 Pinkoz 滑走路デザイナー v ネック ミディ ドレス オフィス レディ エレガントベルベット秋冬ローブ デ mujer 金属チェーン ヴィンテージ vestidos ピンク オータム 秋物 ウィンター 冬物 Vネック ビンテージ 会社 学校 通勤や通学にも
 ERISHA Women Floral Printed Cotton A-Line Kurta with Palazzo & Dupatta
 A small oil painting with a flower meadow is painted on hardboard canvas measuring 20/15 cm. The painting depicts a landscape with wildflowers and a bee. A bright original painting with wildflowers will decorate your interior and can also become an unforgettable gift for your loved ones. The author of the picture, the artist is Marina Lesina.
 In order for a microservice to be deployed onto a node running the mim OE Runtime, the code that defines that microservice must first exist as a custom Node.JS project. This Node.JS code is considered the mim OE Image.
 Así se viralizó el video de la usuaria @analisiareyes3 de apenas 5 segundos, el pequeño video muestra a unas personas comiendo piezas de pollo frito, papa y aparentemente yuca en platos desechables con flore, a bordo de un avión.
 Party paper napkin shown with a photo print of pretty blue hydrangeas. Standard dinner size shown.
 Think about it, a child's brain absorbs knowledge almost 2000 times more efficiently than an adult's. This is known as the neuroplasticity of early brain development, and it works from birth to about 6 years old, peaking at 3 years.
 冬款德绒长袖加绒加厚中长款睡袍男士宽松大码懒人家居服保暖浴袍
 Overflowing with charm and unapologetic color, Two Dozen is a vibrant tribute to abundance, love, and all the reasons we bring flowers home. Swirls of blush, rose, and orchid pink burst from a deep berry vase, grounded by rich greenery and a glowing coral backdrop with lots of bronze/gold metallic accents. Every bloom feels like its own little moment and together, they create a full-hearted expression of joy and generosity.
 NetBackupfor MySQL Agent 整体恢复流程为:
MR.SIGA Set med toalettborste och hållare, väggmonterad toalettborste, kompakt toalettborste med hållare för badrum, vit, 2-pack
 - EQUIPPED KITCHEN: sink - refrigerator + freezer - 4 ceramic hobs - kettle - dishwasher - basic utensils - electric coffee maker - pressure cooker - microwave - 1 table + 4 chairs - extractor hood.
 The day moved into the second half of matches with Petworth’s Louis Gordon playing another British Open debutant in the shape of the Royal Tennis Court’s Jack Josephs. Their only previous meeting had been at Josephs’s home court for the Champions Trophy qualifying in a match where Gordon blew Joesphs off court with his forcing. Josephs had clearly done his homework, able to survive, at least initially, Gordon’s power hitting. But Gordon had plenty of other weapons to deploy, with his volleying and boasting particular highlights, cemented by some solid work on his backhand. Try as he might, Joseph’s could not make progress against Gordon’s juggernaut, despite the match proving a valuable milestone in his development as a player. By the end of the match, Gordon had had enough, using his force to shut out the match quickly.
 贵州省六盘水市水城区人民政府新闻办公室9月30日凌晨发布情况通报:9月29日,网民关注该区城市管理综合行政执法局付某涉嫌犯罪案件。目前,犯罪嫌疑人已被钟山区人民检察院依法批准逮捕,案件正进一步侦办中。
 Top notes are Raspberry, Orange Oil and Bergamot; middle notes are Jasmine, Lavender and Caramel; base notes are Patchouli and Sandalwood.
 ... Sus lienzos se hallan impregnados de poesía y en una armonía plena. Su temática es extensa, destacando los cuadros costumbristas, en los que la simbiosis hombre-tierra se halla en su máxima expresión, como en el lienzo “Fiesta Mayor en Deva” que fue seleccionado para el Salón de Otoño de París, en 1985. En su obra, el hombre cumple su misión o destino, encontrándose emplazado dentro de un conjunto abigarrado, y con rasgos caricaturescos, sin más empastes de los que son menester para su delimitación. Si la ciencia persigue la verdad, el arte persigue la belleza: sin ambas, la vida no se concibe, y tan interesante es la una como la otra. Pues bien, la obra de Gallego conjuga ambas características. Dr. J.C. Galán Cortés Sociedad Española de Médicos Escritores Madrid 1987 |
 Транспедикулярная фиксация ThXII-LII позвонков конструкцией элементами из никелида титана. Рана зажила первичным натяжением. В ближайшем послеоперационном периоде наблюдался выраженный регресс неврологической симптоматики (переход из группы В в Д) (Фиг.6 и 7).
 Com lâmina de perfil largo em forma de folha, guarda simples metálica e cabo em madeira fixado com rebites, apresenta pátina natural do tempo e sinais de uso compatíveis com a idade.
--
Work request. Everything above from the line containing "冬款德绒长袖加绒加厚中长款睡袍男士宽松大码懒人家居服保暖浴袍" through the line containing "Top notes are" must be copied exactly. Nothing outside that range belongs in the answer.

Answer to the problem.
 冬款德绒长袖加绒加厚中长款睡袍男士宽松大码懒人家居服保暖浴袍
 Overflowing with charm and unapologetic color, Two Dozen is a vibrant tribute to abundance, love, and all the reasons we bring flowers home. Swirls of blush, rose, and orchid pink burst from a deep berry vase, grounded by rich greenery and a glowing coral backdrop with lots of bronze/gold metallic accents. Every bloom feels like its own little moment and together, they create a full-hearted expression of joy and generosity.
 NetBackupfor MySQL Agent 整体恢复流程为:
MR.SIGA Set med toalettborste och hållare, väggmonterad toalettborste, kompakt toalettborste med hållare för badrum, vit, 2-pack
 - EQUIPPED KITCHEN: sink - refrigerator + freezer - 4 ceramic hobs - kettle - dishwasher - basic utensils - electric coffee maker - pressure cooker - microwave - 1 table + 4 chairs - extractor hood.
 The day moved into the second half of matches with Petworth’s Louis Gordon playing another British Open debutant in the shape of the Royal Tennis Court’s Jack Josephs. Their only previous meeting had been at Josephs’s home court for the Champions Trophy qualifying in a match where Gordon blew Joesphs off court with his forcing. Josephs had clearly done his homework, able to survive, at least initially, Gordon’s power hitting. But Gordon had plenty of other weapons to deploy, with his volleying and boasting particular highlights, cemented by some solid work on his backhand. Try as he might, Joseph’s could not make progress against Gordon’s juggernaut, despite the match proving a valuable milestone in his development as a player. By the end of the match, Gordon had had enough, using his force to shut out the match quickly.
 贵州省六盘水市水城区人民政府新闻办公室9月30日凌晨发布情况通报:9月29日,网民关注该区城市管理综合行政执法局付某涉嫌犯罪案件。目前,犯罪嫌疑人已被钟山区人民检察院依法批准逮捕,案件正进一步侦办中。
 Top notes are Raspberry, Orange Oil and Bergamot; middle notes are Jasmine, Lavender and Caramel; base notes are Patchouli and Sandalwood.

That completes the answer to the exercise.